Brain Drain and Source Countries

  • Several comments stress that attracting “best and brightest” harms poorer countries that funded their education (doctors in Nigeria, engineers in India, etc.).
  • One side focuses on loss of critical professionals (e.g., doctors) as the main problem.
  • Another argues what matters is financial compensation and remittances; if emigrants don’t send money or return, the source country effectively subsidizes richer nations.
  • “Brain drain” is explicitly named; there is disagreement over whether net effects on source countries are mainly economic, service-based, or both.

Housing, Quality of Life, and EU Comparisons

  • Some tie immigration and population growth to rising housing costs, stagnant wages, and declining living standards, especially in “original” EU countries.
  • Others call this exaggerated, pointing instead to:
    • Globalization (offshoring to China).
    • Environmental regulations and rising energy costs.
    • Structural housing supply constraints and speculation, even in low-immigration countries.

Population Growth and Finite Resources

  • One view: population growth is always sold as good for GDP and governments but bad for ordinary people via higher housing costs and wage pressure.
  • Another: Earth can support far more people with more science and technology.
  • A counterview prefers fewer people for environmental reasons and more nature; this triggers a contentious subthread about whether women inherently want many children.

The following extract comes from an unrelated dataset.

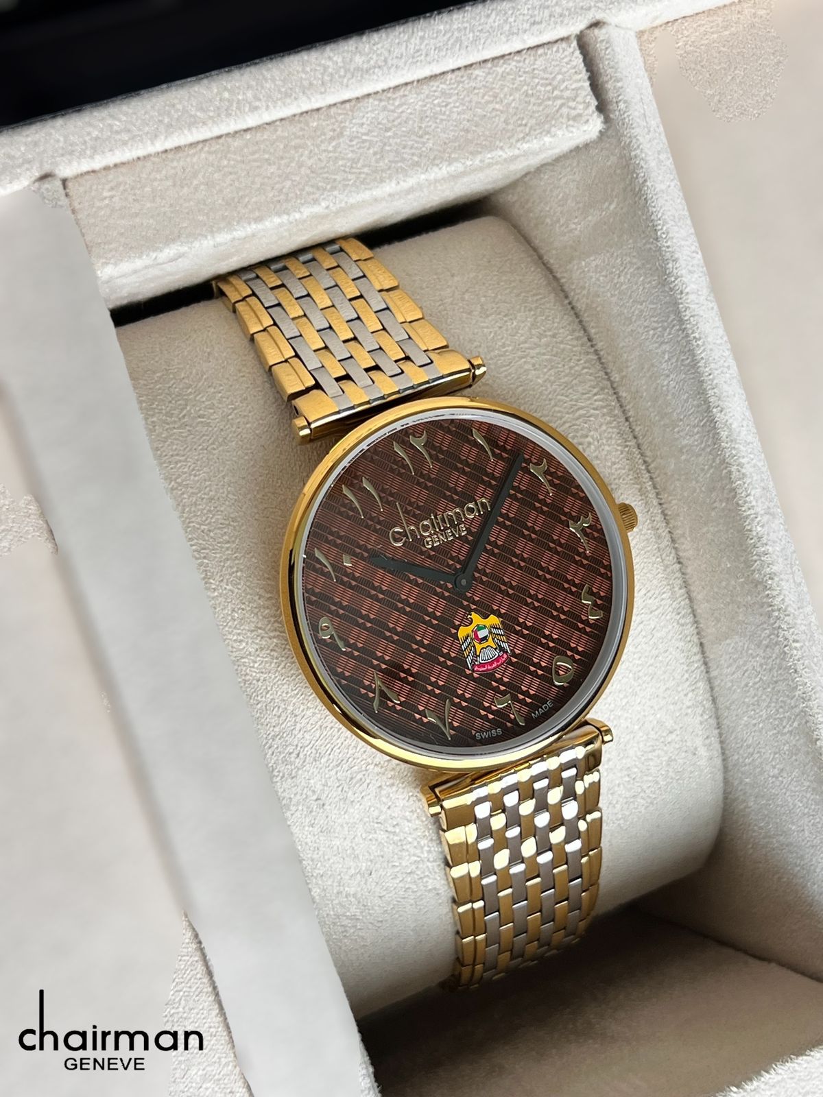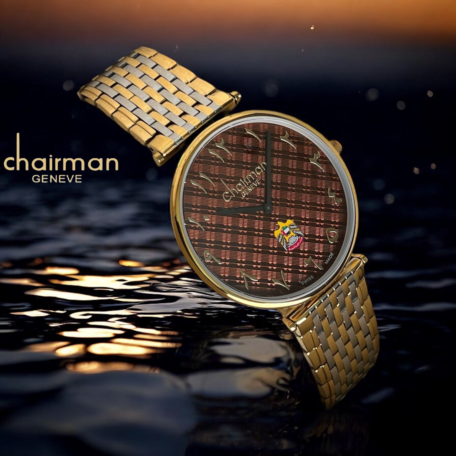 Experience timeless elegance with the Swiss Made Chairman Geneve Gents Watch, featuring a distinctive UAE emblem and an Arabic brown check dial. Its sophisticated silver and gold chain complements the refined design, making it perfect for formal occasions or daily wear. Crafted with Swiss precision, this watch combines heritage and style for a standout accessory that reflects both luxury and cultural pride.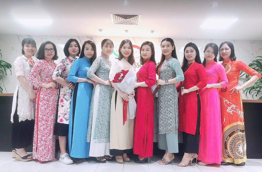 | Nữ đoàn viên LĐLĐ huyện Hoài Đức duyên dáng trong tà áo dài. |

Legal Status, “Illegals,” and Policy Proposals

  • Practical pathways discussed: mostly family-based green cards; employment-based is a minority. Many come legally and overstay visas.
  • Undocumented workers are seen as easily exploited, depressing wages and unable to assert rights due to deportation risk.
  • A proposal: give all workers full labor-law protection regardless of status and offer citizenship to undocumented workers who successfully sue abusive employers.
  • Critics worry this would create unlimited global labor competition and further empower corporations.

Low-Wage Work and “Jobs Americans Won’t Do”

  • Some claim Americans are unwilling to do hard, low-wage manual work; immigrants fill these roles (agriculture, roofing, hotels, lawn care).
  • Others argue wages are simply too low; if pay rose (or jobs were automated), locals would do them. Importing “desperate” labor is viewed by these commenters as ethically dubious.